Le regain d’intérêt pour Carolyn Bessette-Kennedy, véritable icône du style, a remis le pull sur les épaules sous les projecteurs. Sur les réseaux sociaux, la tendance s’est diffusée auprès d’un public féminin large et varié. Une dépolitisation s’opère, portée par une mode qui recycle tous les signes vestimentaires.

Praticité et maîtrise de soi : les dessous du geste

Les adeptes invoquent d’abord un argument pratique. Antoine, jeune cadre dans la finance, déteste porter son pull à la main ou sur le bras. Le nouer sur les épaules lui libère les mains. Dominique, ancien professeur de 64 ans, y voit aussi une solution face à ses difficultés à enfiler ses vêtements à cause d’une apraxie d’habillage.

Mais l’historienne Hayley Edwards-Dujardin nuance cet argument. « Quand on porte un pull sur les épaules, nos gestes sont très calculés. Le pull glisse vite, on ne peut pas bouger, on ne peut pas courir. C’est un corps qui se contrôle. » Une maîtrise de soi qui alimenterait le préjugé lié à une bourgeoisie étriquée.

Le pull sur les épaules, une affaire de genre ?
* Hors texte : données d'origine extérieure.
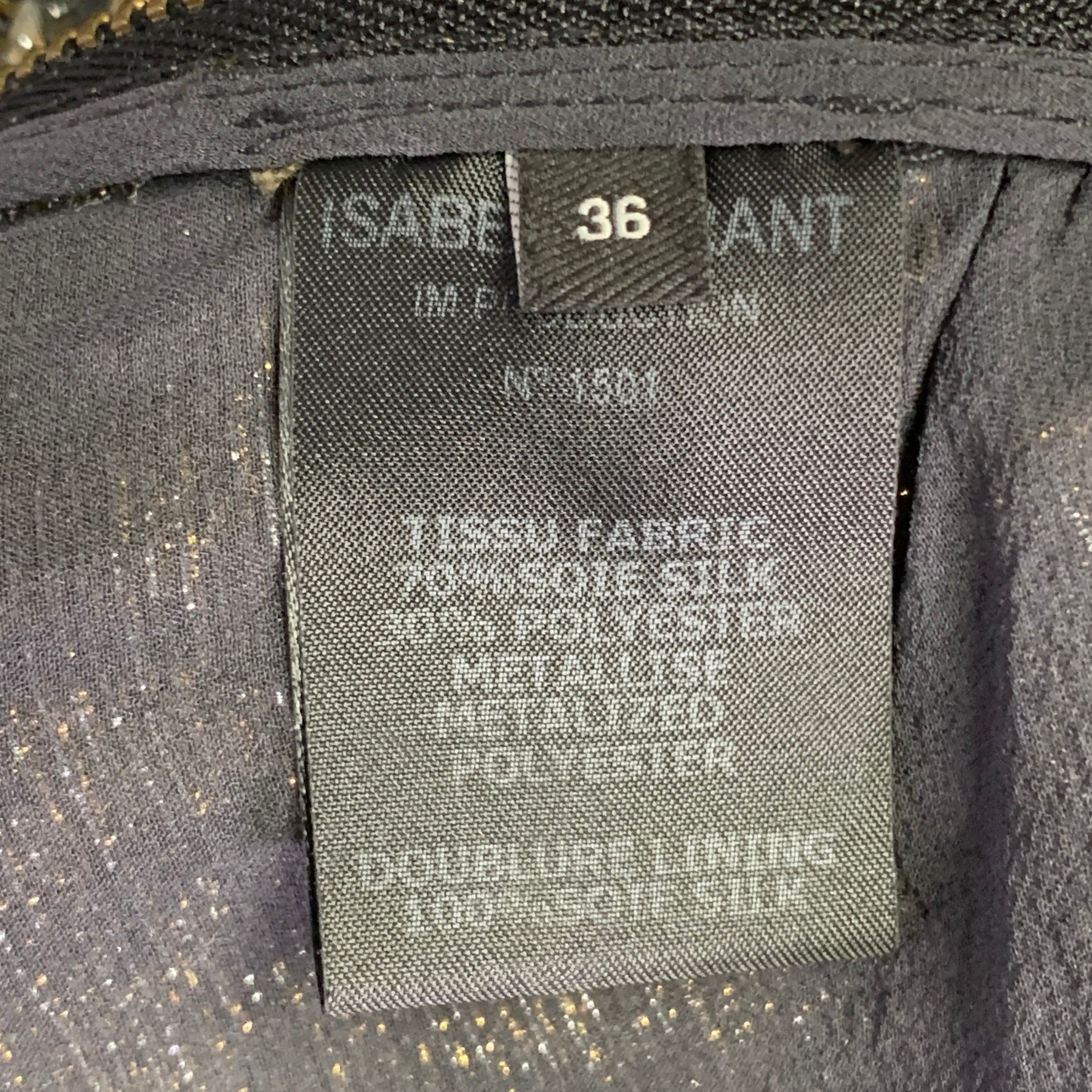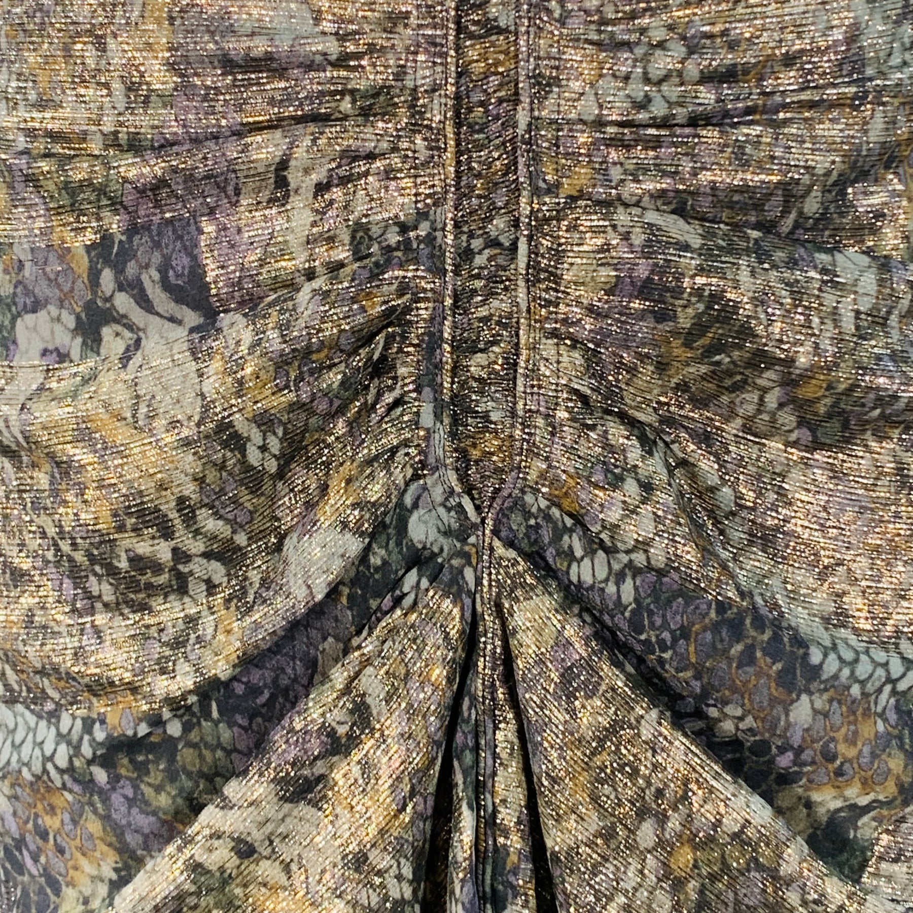 ISABEL MARANT knee length skirt in a metallic gold tone and grey silk blend fabric featuring a ruched fishtail style, snake print, and back zipper closure.

Les femmes ont souvent leur pull dans leur sac. Les hommes, eux, le portent sur les épaules. Une différence qui s’explique par une éducation où l’homme ne doit jamais être encombré. Le corps féminin, lui, est habitué à porter des accessoires.
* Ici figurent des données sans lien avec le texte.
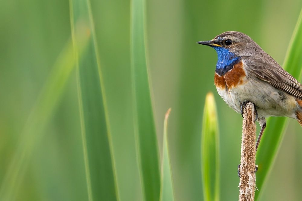 Dieses Blaukehlchen ruhte und sang herrlich auf einem Schilfrohr, vor einem schönen grünen Hintergrund mit Blättern des Rohrkolbens.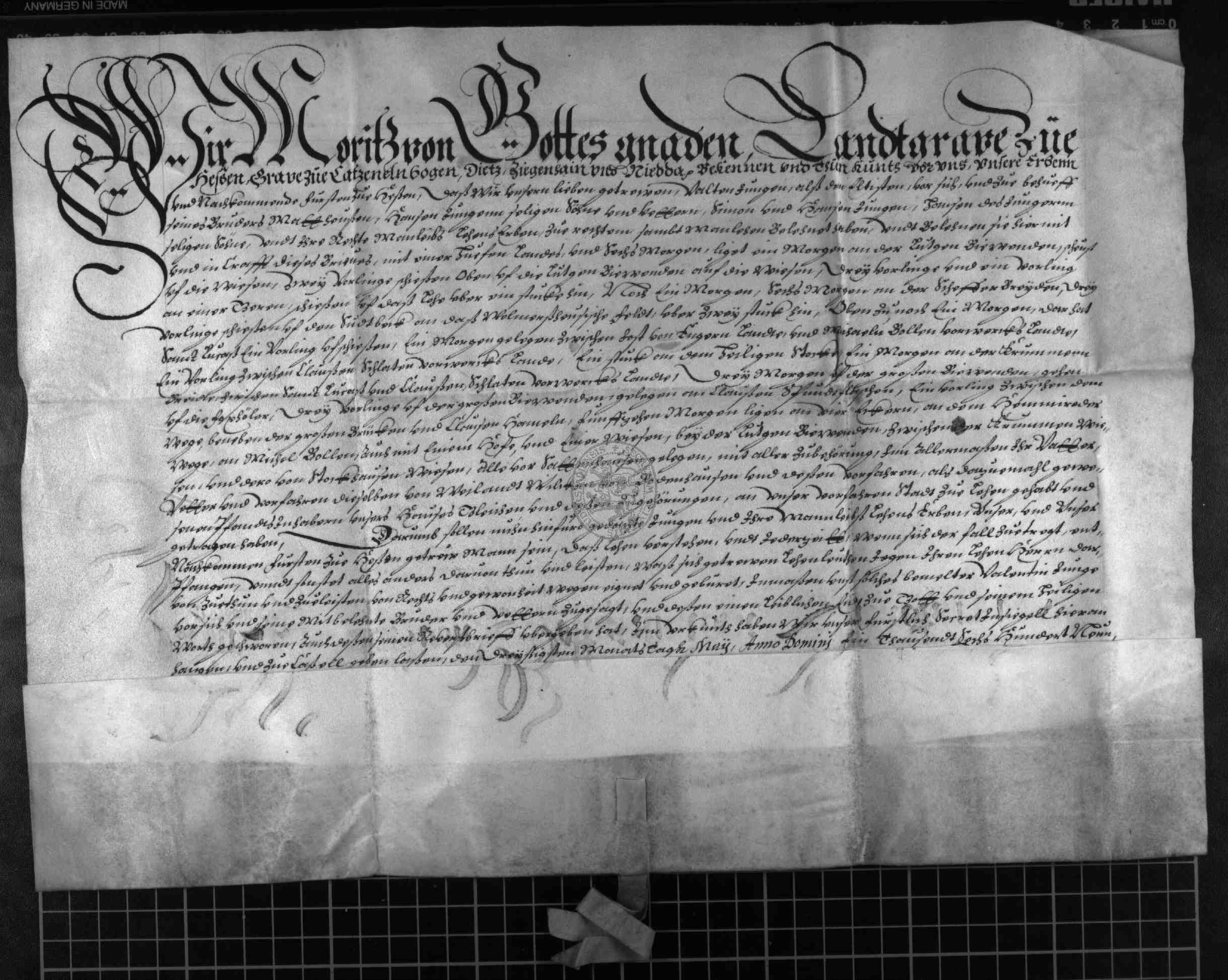| Regest: | Landgraf Moritz von Hessen etc. belehnt Valten Jungen als ältesten der Junge mit einer Hufe Landes und 6 Morgen, gelegen bei dem Dorfe Sattenhausen, wie sie vorher ihr Vater und vor diesem Wilke von Bodenhausen inne gehabt haben |

Cette vision genrée s’inscrit dans l’histoire de la mode masculine. Depuis la Grande Renonciation Masculine du 18e siècle, théorisée par le psychanalyste John Carl Flügel, les hommes ont abandonné les couleurs vives et les parures. Leur vestimentaire est devenu utilitaire et fonctionnel.

Pourquoi cette tendance persiste en 2026

Le pull sur les épaules ne se démode pas. Il revient même en force sur les podiums des grands créateurs. Les défilés de Tom Ford et Bottega Veneta ont remis cette pratique au goût du jour. Les podiums, ces dernières années, ont vu défiler des mannequins avec des effets trompe-l’œil imitant le pull noué.

Le style preppy connaît un véritable regain d'intérêt. Polos, blazers, mocassins et pulls sur les épaules s’affichent dans les rues des grandes capitales. Une esthétique qui séduit une nouvelle génération, débarrassée de la rigidité originelle.

Une façon d’élever sa tenue

Sidonie, jeune femme de 24 ans travaillant dans la finance, l’affirme : « je peux me dire, ma tenue est plate, je mets un pull sur mes épaules pour la rendre plus chic ». Un geste simple qui transforme un look basique en tenue travaillée. L’alternative du pull noué à la taille, elle, semble dépassée.

La praticité relative de ce geste ne suffit pas à expliquer sa persistance. Le pull autour des épaules est devenu un accessoire à part entière. Il structure la silhouette, apporte une touche de couleur ou de matière. Et il continue de raconter quelque chose de celui qui le porte, même malgré lui.

Alors que les soirées d’été se rafraîchissent, cette pratique devrait encore faire parler d’elle. Sur les plages de La Baule, dans les rues de Bordeaux ou aux abords des églises versaillaises. Le pull noué reste un marqueur indémodable, entre héritage et réinvention.